[DATASET EXCERPT]
##############################

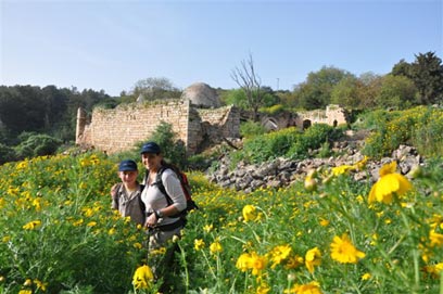 ים של חרציות מעניק לכיפות המבנה רקע מרהיב. שרידי הכפר נבי יושע
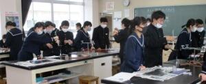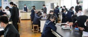 3年生の理科は、水溶液に電気を流すと…という実験。
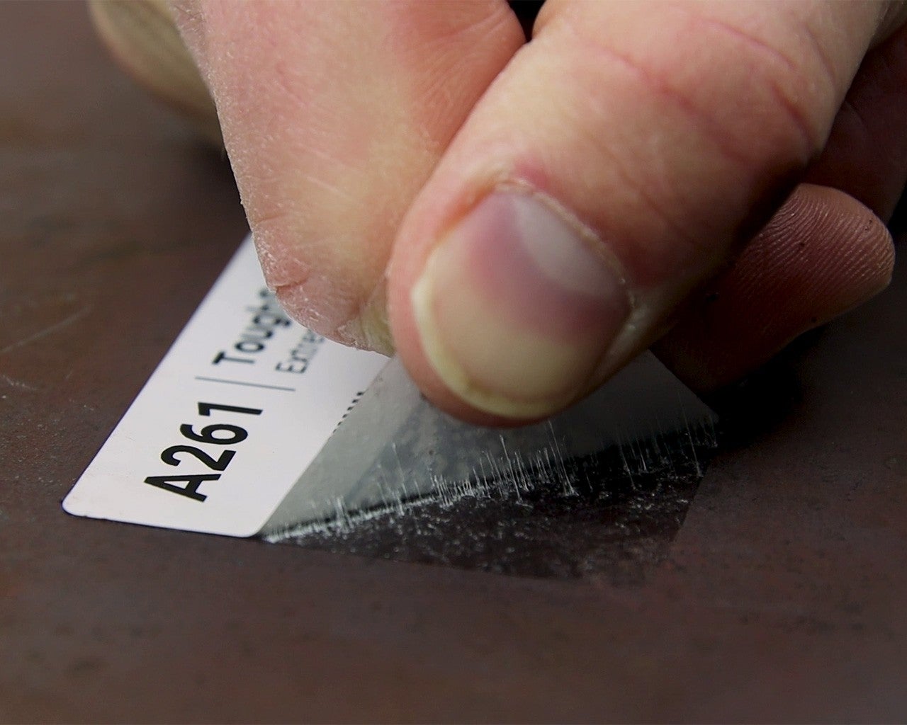 Dit label overleeft elke industriële situatie, zowel binnen als buiten. Vanwege de extreme kleefkracht blijft het jarenlang goed plakken op de meest uitdagende oppervlakten. Hierdoor is het een ideale oplossingen voor roestige ondergronden in de staalindustrie, maar wordt het ook gebruikt op de foamborstels van een carwash, met de dagelijkse hoeveelheden chemicaliën die daarbij horen.
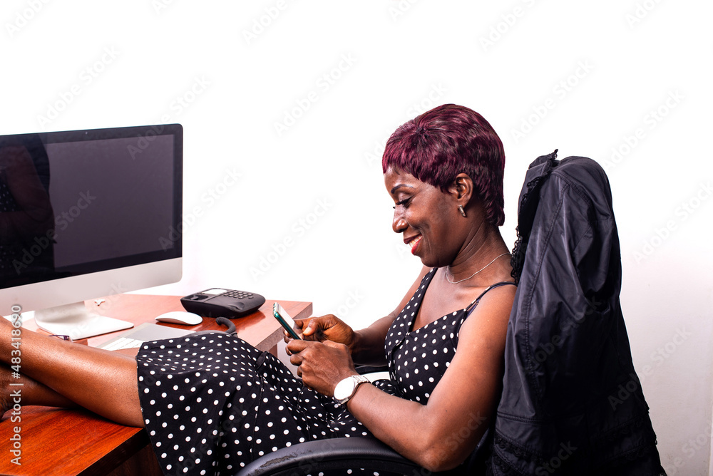 beautiful adult business woman chatting on mobile phone in office smiling.

##############################

[WORK REQUIRED]
Without the pictures, transcribe the listing exactly as it stands.

[TASK RESPONSE]
 ים של חרציות מעניק לכיפות המבנה רקע מרהיב. שרידי הכפר נבי יושע
 3年生の理科は、水溶液に電気を流すと…という実験。
 Dit label overleeft elke industriële situatie, zowel binnen als buiten. Vanwege de extreme kleefkracht blijft het jarenlang goed plakken op de meest uitdagende oppervlakten. Hierdoor is het een ideale oplossingen voor roestige ondergronden in de staalindustrie, maar wordt het ook gebruikt op de foamborstels van een carwash, met de dagelijkse hoeveelheden chemicaliën die daarbij horen.
 beautiful adult business woman chatting on mobile phone in office smiling.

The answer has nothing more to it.